Problem: Retype the listing exactly; omit pictures.

Stored data:

⁂

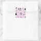 Pink & Black Fish Bones Puppy Dog Birthday Party Square Sticker
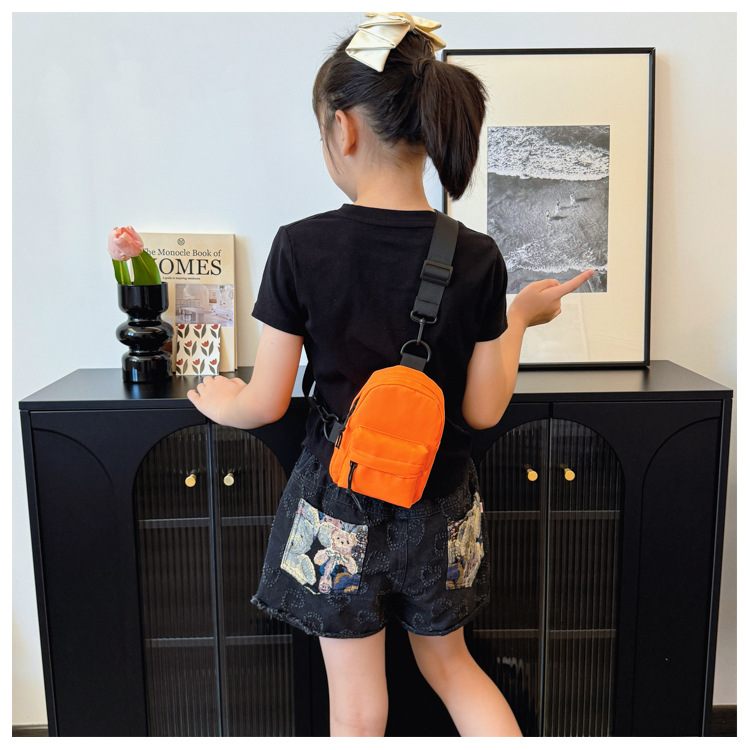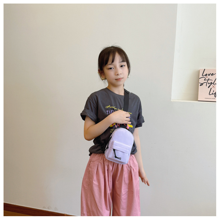한국 스타일 2024 새로운 도착 유행 소년 소녀 작은 광장 가방 어린이 가방 서양식 단색 경량 미니 키즈 크로스 바디 백
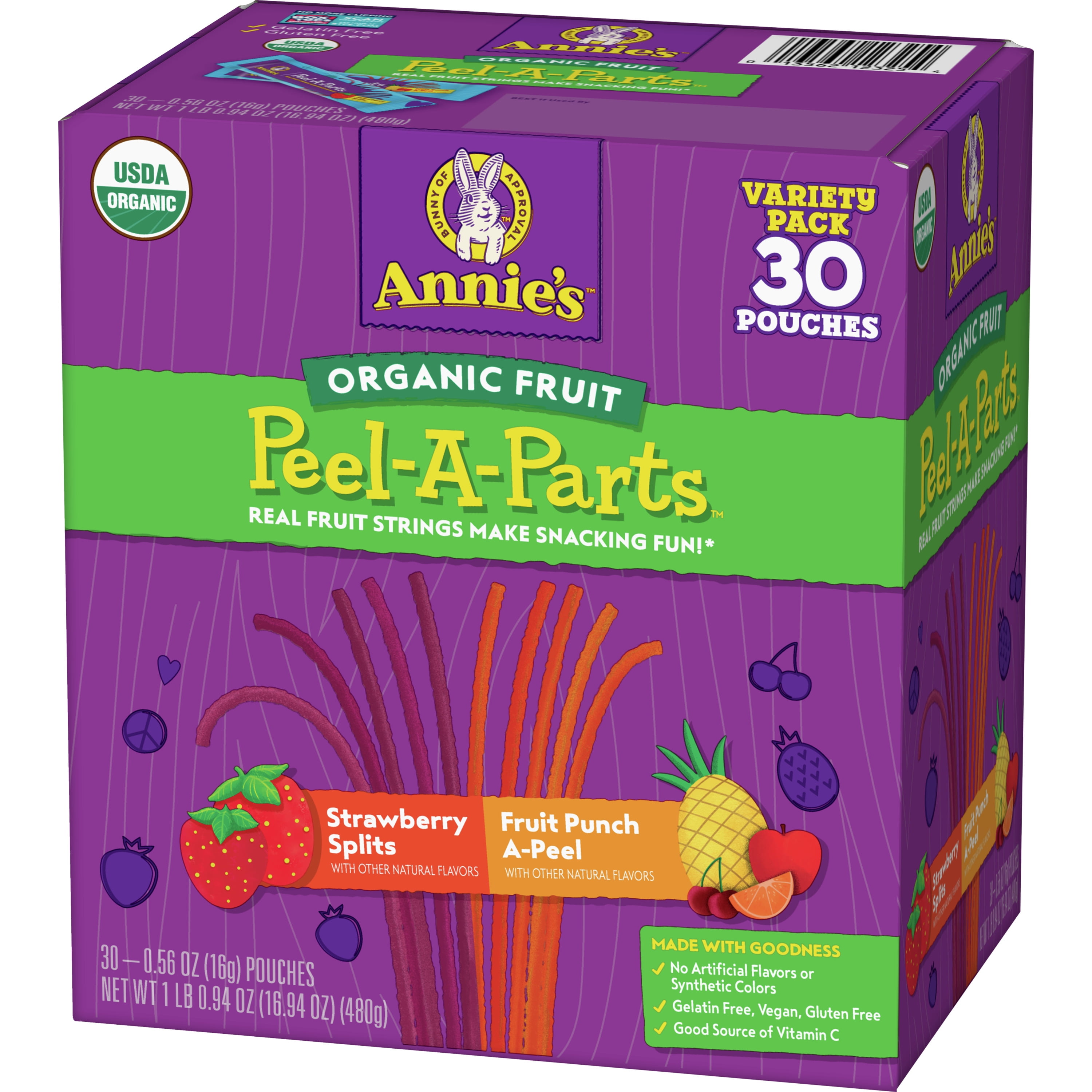 Real Fruit Strings Make Snacking Fun! Annie’s Organic Peel-A-Part Variety Pack Strings is a delicious snack that’s as fun to play with as it is to eat. No artificial flavors, synthetic colors or high-fructose corn syrup here – just deliciously juicy bites of vegan and gluten free goodness.
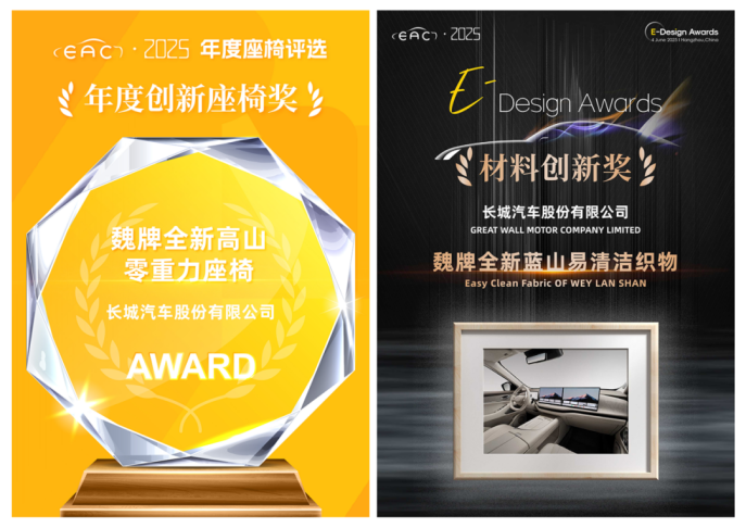 在2025年杭州EAC汽车产业大会上,长城汽车再度成为行业关注的焦点。其旗下魏牌全新高山与全新蓝山两款车型,分别凭借“零重力座椅”和“易清洁织物”技术,将“年度创新座椅奖”及“材料创新奖”两项荣誉收入囊中,这标志着长城汽车在高端新能源领域的技术实力得到了权威层面的认可。

⁂

Solution to this task:
 Pink & Black Fish Bones Puppy Dog Birthday Party Square Sticker
한국 스타일 2024 새로운 도착 유행 소년 소녀 작은 광장 가방 어린이 가방 서양식 단색 경량 미니 키즈 크로스 바디 백
 Real Fruit Strings Make Snacking Fun! Annie’s Organic Peel-A-Part Variety Pack Strings is a delicious snack that’s as fun to play with as it is to eat. No artificial flavors, synthetic colors or high-fructose corn syrup here – just deliciously juicy bites of vegan and gluten free goodness.
 在2025年杭州EAC汽车产业大会上,长城汽车再度成为行业关注的焦点。其旗下魏牌全新高山与全新蓝山两款车型,分别凭借“零重力座椅”和“易清洁织物”技术,将“年度创新座椅奖”及“材料创新奖”两项荣誉收入囊中,这标志着长城汽车在高端新能源领域的技术实力得到了权威层面的认可。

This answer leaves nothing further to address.